И тут на балконе чуть слышно запел небольшой хор. Сначала это не произвело на него особого впечатления, даже, наоборот, принесло легкое ощущение приятности и удовлетворения. Но вдруг тенор взмыл вверх и его как будто кто ударил по горлу ребром ладони. Мелодия проникла в него и словно разорвала его на тысячу кусков, отвратительная пластмассовая коробка ударилась об пол и раскрылась. И теперь уже не было спасения ни от боли, ни от всепроникающих безжалостных звуков. Мелодия гремела, словно водопад, ее мощь казалась ему неизмеримой.

Все это продолжалось, может быть, всего лишь несколько секунд, когда внезапно вырвавшаяся боль достигла предела. И он вдруг разрыдался, горько и безутешно, отчаянно и беспомощно, как тот малыш в бархатных штанишках, плакавший у гроба матери. Все его тело сотрясали подавленные рыдания, лицо скривилось в мучительной гримасе — он хотел остановиться, взять себя в руки, но не мог. Потом он почувствовал, что Сашо взял его за руку и вывел в фойе, там, наконец, ему удалось глотнуть воздуха, но слезы все так же лились по его худому лицу.

— Дядя, дядя, успокойся, — испуганно повторял юноша. — Что это вдруг с тобой? Успокойся, прошу тебя, успокойся! — И так как тот по-прежнему сотрясался в конвульсиях, растерянно добавил: — Очень тебя прошу!.. Видишь, люди смотрят.

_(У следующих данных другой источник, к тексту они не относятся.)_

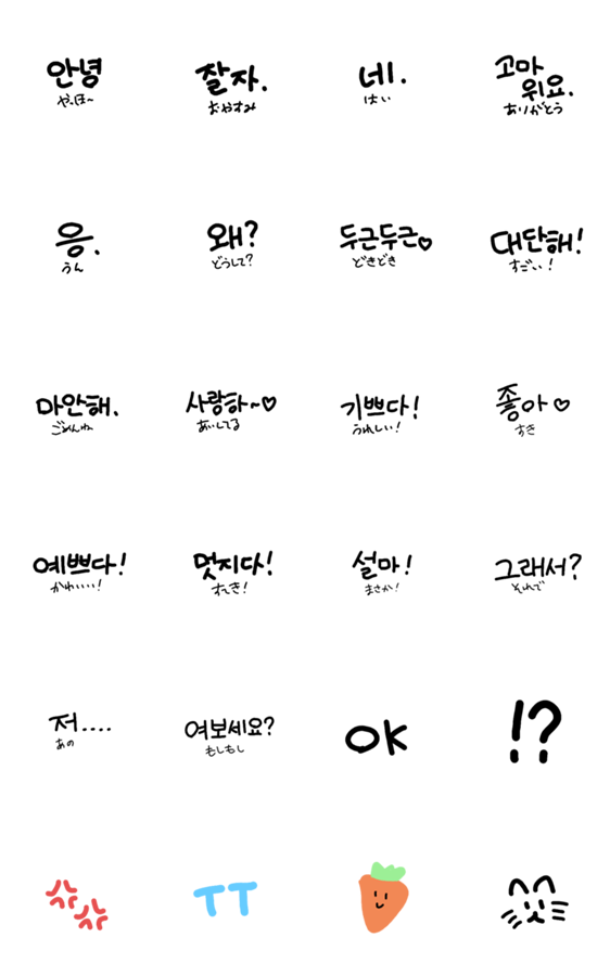 LINEスタンプメーカーでつくったスタンプです。韓国語と日本語なので韓国語学びたい方ぜひどうぞ!!!
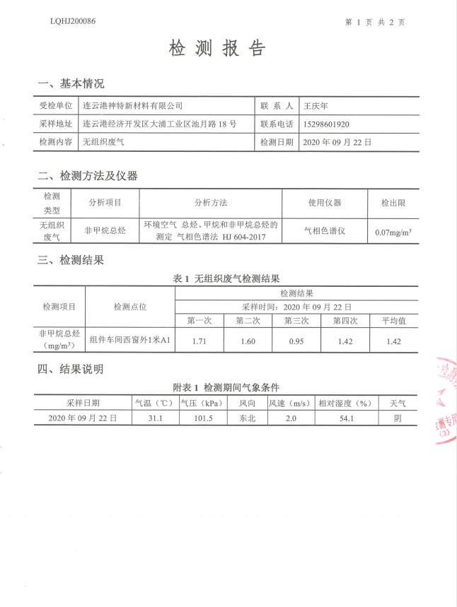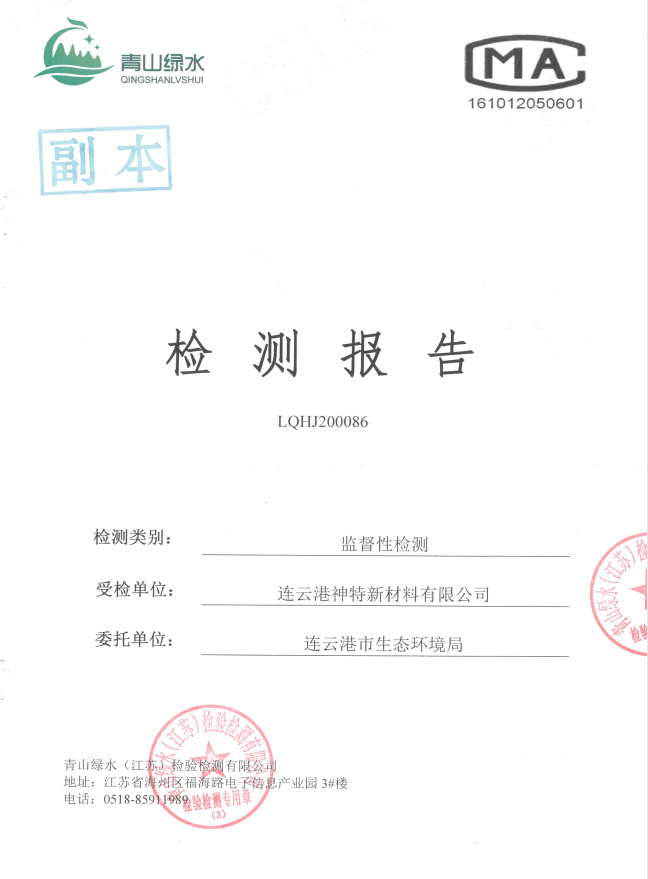 神特公司檢測報告公示
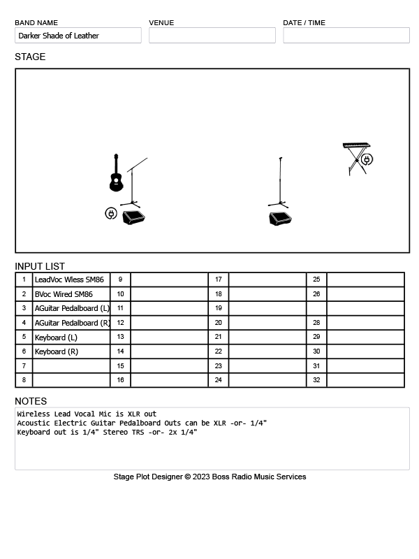 This is the typical stage plot for Darker Shade of Leather. Technical details about cable connections are included on the plot.

На них в самом деле уже смотрели с жалостью и сочувствием, хотя это были люди, пришедшие на другие похороны и дожидавшиеся своей очереди. Собрав все силы, старик с трудом проговорил:

— Хор!.. Остановите хор!

Сашо с готовностью рванулся было вверх по лестнице, но вдруг испугался оставить дядю одного. Тот еле держался на ногах, готовый в любую минуту рухнуть на пол.

— Он и так остановится, — беспомощно пробормотал он.

Хор в самом деле ненадолго смолк. И тут же начал новую мелодию. Но эта звучала светло и чисто, в ней не было ни мрачного укора, ни безнадежности, ни бесповоротности. Академик почувствовал, что конвульсии внезапно прекратились.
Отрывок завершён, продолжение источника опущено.